The role of citizen science
The EOSC is preparing its digital environment to be able to integrate this type of research in a secure way that respects privacy.
Citizen science is the process of generating scientific knowledge with the volunteer participation of non-specialists and the support of professionals in the field. "We believe that citizen science can be fully scientific," states Kaori Otsu; "it is a type of research that generates a very powerful group force that contributes to generate knowledge". The EOSC is preparing its digital environment to be able to integrate this type of research in a secure way that respects the privacy of the people who generate it.
This integration is quite relevant because, for example, habitat connectivity indices mentioned above could be refined if they incorporated data from species observations in the territory, which could come from citizen science initiatives.

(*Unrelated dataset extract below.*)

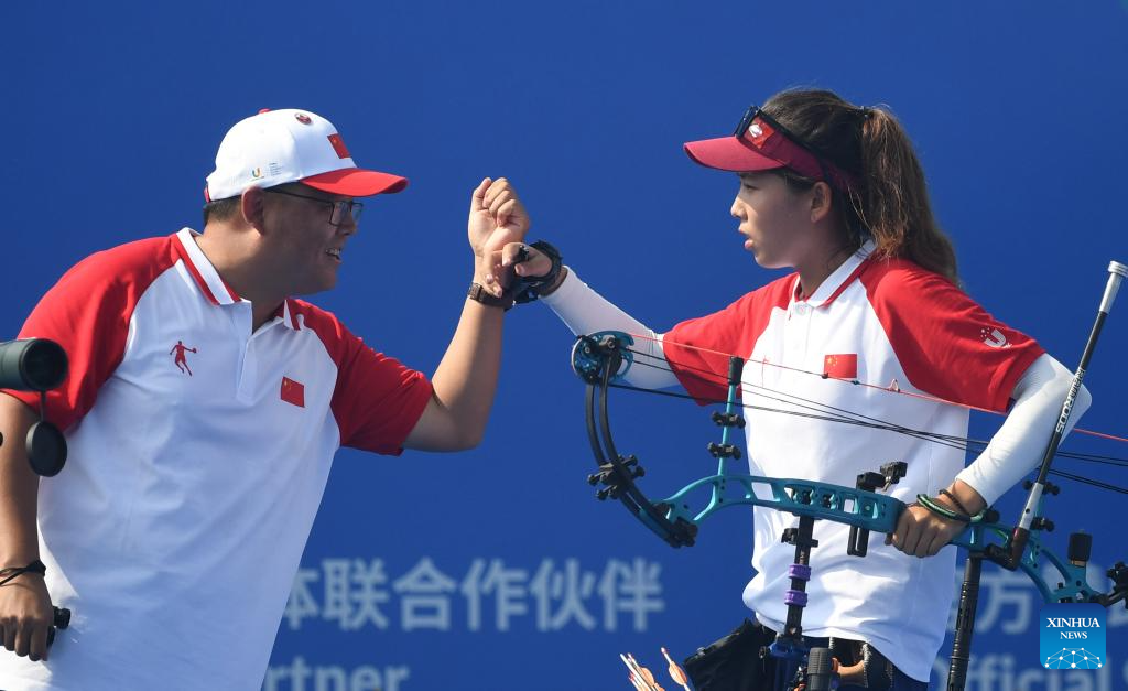 Wang Yuanyuan (R) of China reacts with her coach during the Archery Compound Women's Team Bronze Medal Match between China and Chinese Taipei at the 31st FISU Summer World University Games in Chengdu, southwest China's Sichuan Province, July 30, 2023. (Xinhua/Deng Hua)

CREAF, in fact, already participates in revolutionary projects such as Mosquito Alert, RitmeNatura, AlertaForestal or some of the services developed by the Cos4Cloud project.
The future of EOSC
The EOSC as a virtual open science space is an action promoted by the European Research Area (ERA) Policy Agenda, as are the Horizon Europe research and innovation program and the Coalition for Advancing Research Assessment (CoARA), an agreement that seeks to reform research assessment criteria and to which CREAF has also recently adhered.
The expert meeting in Thessaloniki in which Kaori Otsu participated revealed the challenges to be faced in the future to transform all EOSC needs into efficient technology. These include further work on data interoperability, the implementation of FAIR principles or the deployment of so-called persistent identifiers, which enable the generation of imperishable references for documents, files, and data sets, as is already done by the well-known DOIs.